PHOENIX - A hearing room filled with patch-wearing motorcycle club members broke out in cheers Wednesday as an Arizona Senate committee passed a bill requiring police to take training highlighting a ban on profiling of motorcyclists by law enforcement officers.

The unusual sight at the state Capitol was prompted by a bill attempting to address complaints from motorcycle club members who say they're frequently stopped by police for no legitimate reason. Republican Sen. Judy Burges of Sun City West is the sponsor.

Ken Mei of Phoenix, president of the local chapter of the Peckerwoods Motorcycle Club, said the treatment he and his fellow members receive from police makes it obvious they're being singled out.
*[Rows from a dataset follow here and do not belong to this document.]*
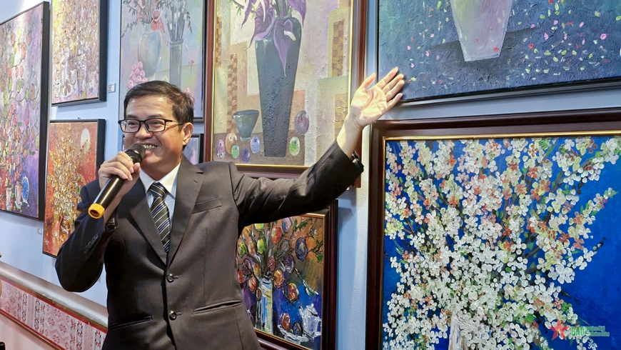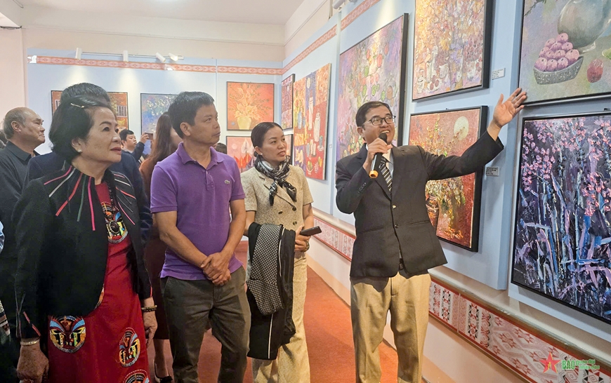 | Họa sĩ Mai Quý Ngọc giới thiệu tranh tại triển lãm. |
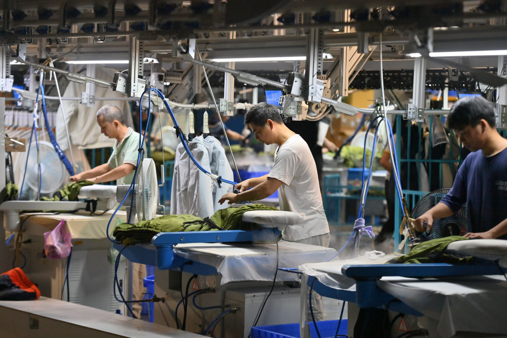 工人在广西北流一服装生产企业生产线上作业(2023年11月30日摄)。新华社记者 黄孝邦 摄
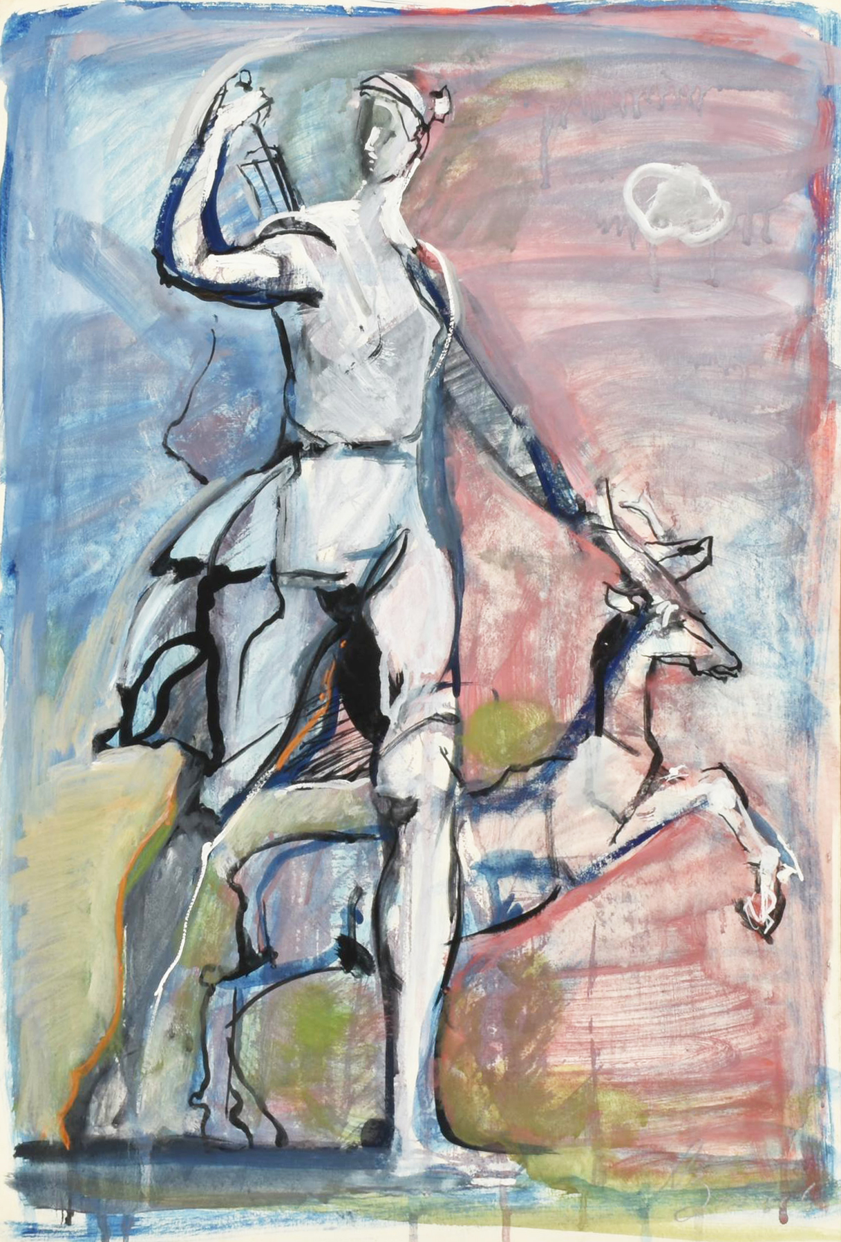 Alexandre P. Zaitsev DIANA CACCIATRICE tempera su carta, cm 61x41 firma sul...
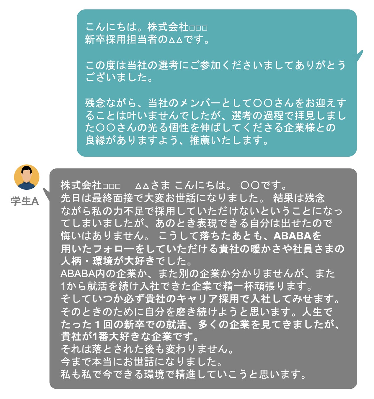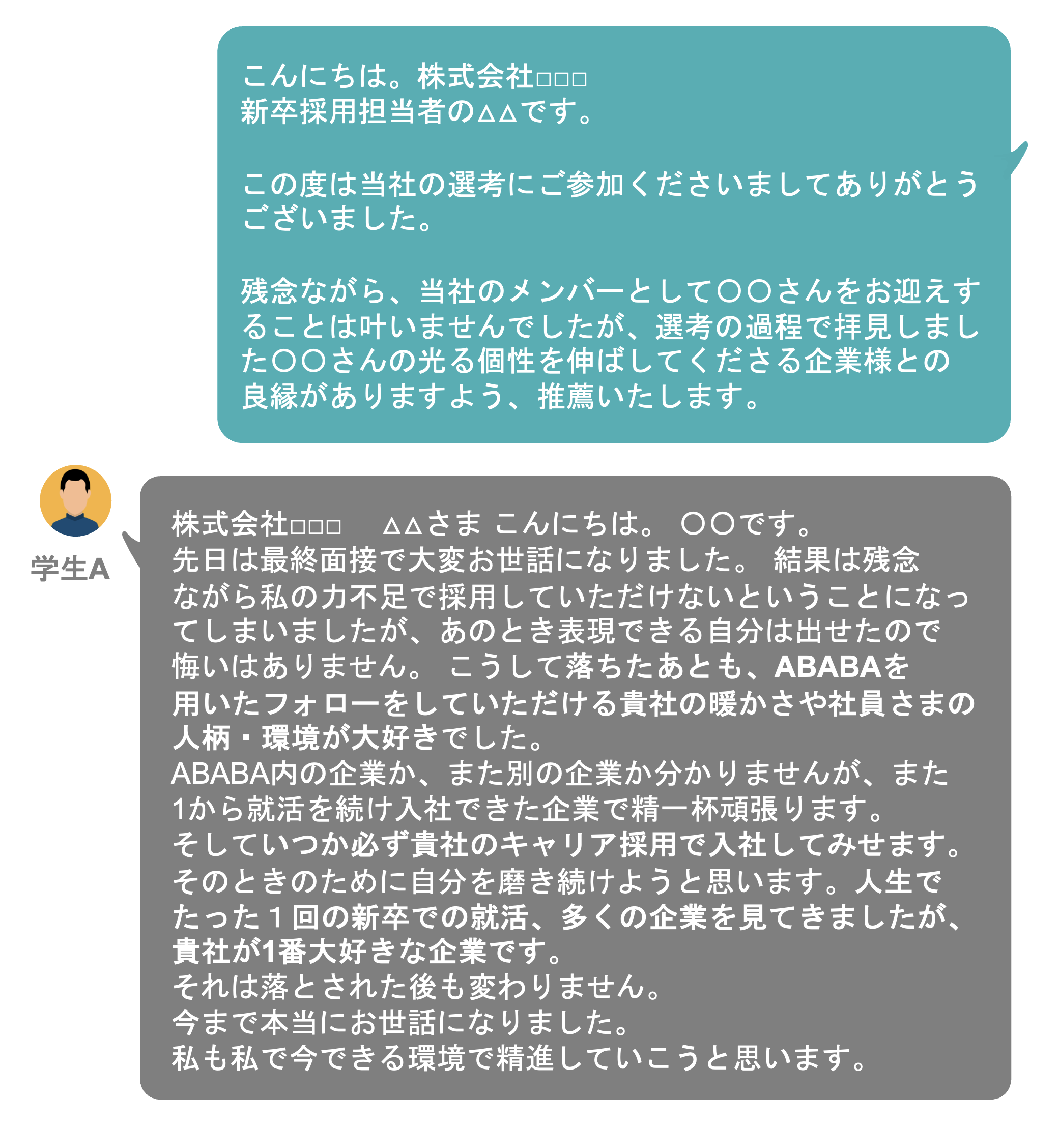 また同時に、不採用後も企業と学生の関係性を良好で、継続的なものに変えていきます。
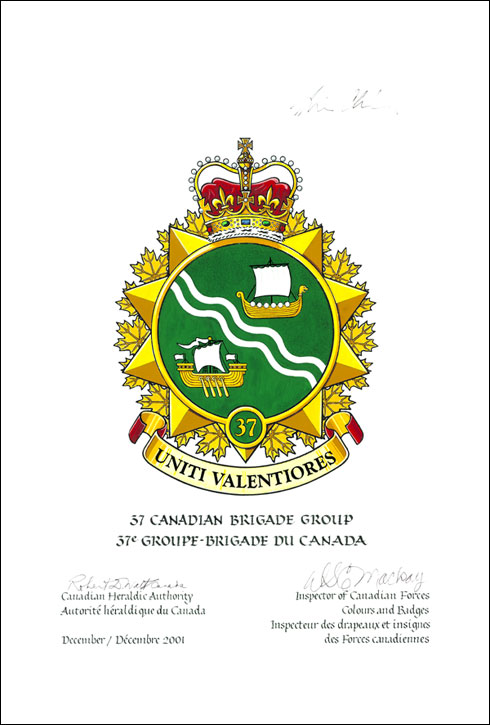 Badge of the 37 Canadian Brigade GroupBlazonVert two bendlets wavy Argent between in chief a Viking long ship Or shields and sail Argent and in base a lymphad oars in action Or sail and pennons Argent; SymbolismThe badge represents both of the provinces in the Brigade's area of responsibility. New Brunswick is symbolized by the galley from the provincial arms, while Newfoundland is represented by the Viking long ship. The wavy lines symbolize the sea between the two provinces. The green indicates that the Brigade is a land based unit. |
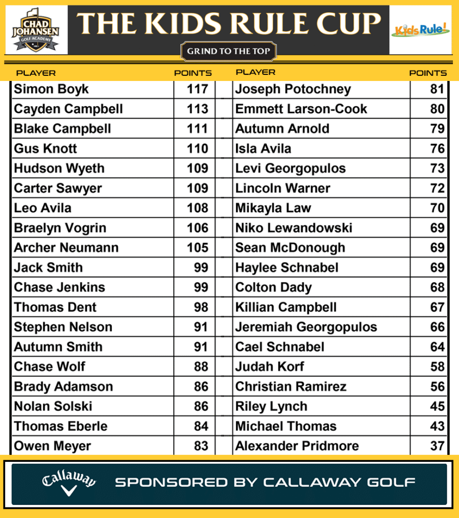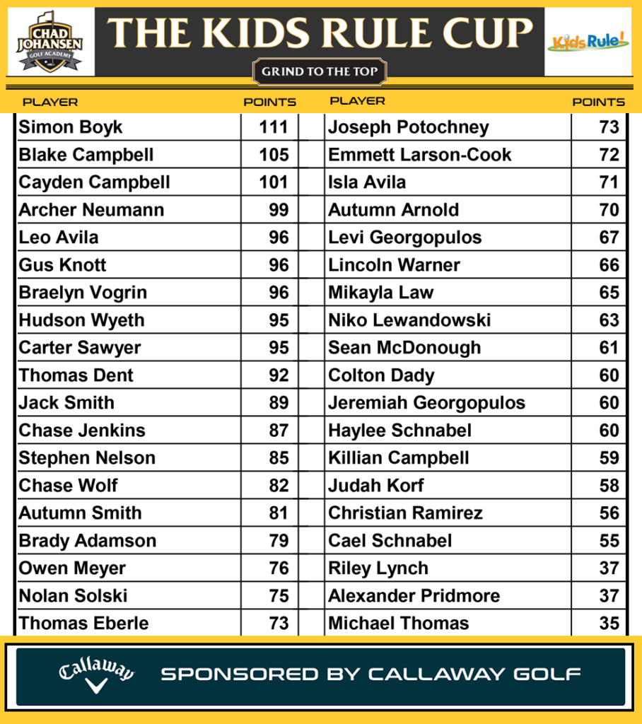 The Kids Rule Cup points system consists of many different skills challenges in practice and other ways to earn points in matches. The points system is sponsored by Callaway Golf with many prizes awarded on the last day of the program. The 2025 champion will get their name engraved on the Kids Rule Cup.
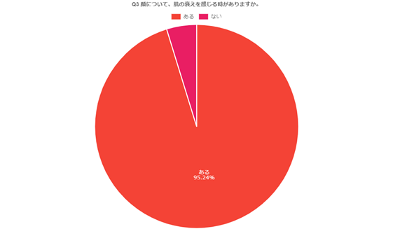 「Q3. 顔について、肌の衰えを感じる時がありますか。」(n=105)と質問したところ、「ある」95.24%、「ない」4.76%という回答となりました。
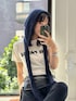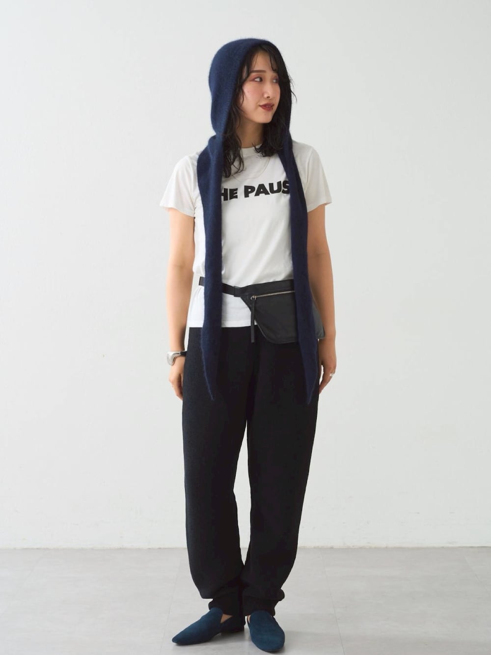 【トップス】フリーサイズ着用 ロングセラーのTHE PAUSE Tシャツ。 コンパクトなサイズ感とシンプルなロゴが使いやすいデザインです。 生地に若干のハリとツヤがあるので、カジュアル感が出過ぎず綺麗めコーデとも合わせやすいです。 夏〜秋にかけては一枚で、冬〜春はレイヤードスタイルで一年中楽しめるアイテムです。 【ボトムス】フリーサイズ着用 ふわふわとしたベロアのような質感が肌触りがよく楽ちんな着心地のジョガーパンツ。 程よくゆとりがあるので、腰回りも拾いにくいシルエットです。 裾はキュッと細くなっているので、小柄な方でも裾をためて穿いていただけると思います。

"The other day me and a friend of mine were out riding our motorcycles, and we got pulled over by a highway patrolmen, two city (of) Phoenix policemen and a helicopter," Mei said after the hearing ended. "We didn't receive any citations, anything. They basically wanted to know about our patches."

That kind of story was heard repeatedly during the hearing before the Senate public safety committee, said Sen. Chester Crandell, the chairman. The bill passed 4-0, with the three Democratic members absent, but Crandell warned the cheering bikers that the bill still has a long way to go before it becomes law and needs major changes.

The executive director of the state board that certifies police officers complained that the bill would make it more difficult to train officers.

"It prohibits law enforcement action in certain situations," said Lyle Mann of the Arizona Peace Officer Standards and Training Board, known as AzPOST. He said officers are trained to take action based on reasonable suspicion and probable cause from a totality of the situation, and writing a hard and fast rule is not workable.

Crandell agreed that there's "probably a little profiling" but said what's being proposed now is a work in progress, although the testimony from both the bikers and Mann raised important points.

"You may be just as innocent as can be, but when you look the part of what's in the training manual that's associated with gangs, motorcycle gangs, Hells Angels, when  you look that part there's a fine line," Crandell said. "I certainly don't want to limit AzPOST on how they're looking for the bad element, but I also understand where these guys are coming from."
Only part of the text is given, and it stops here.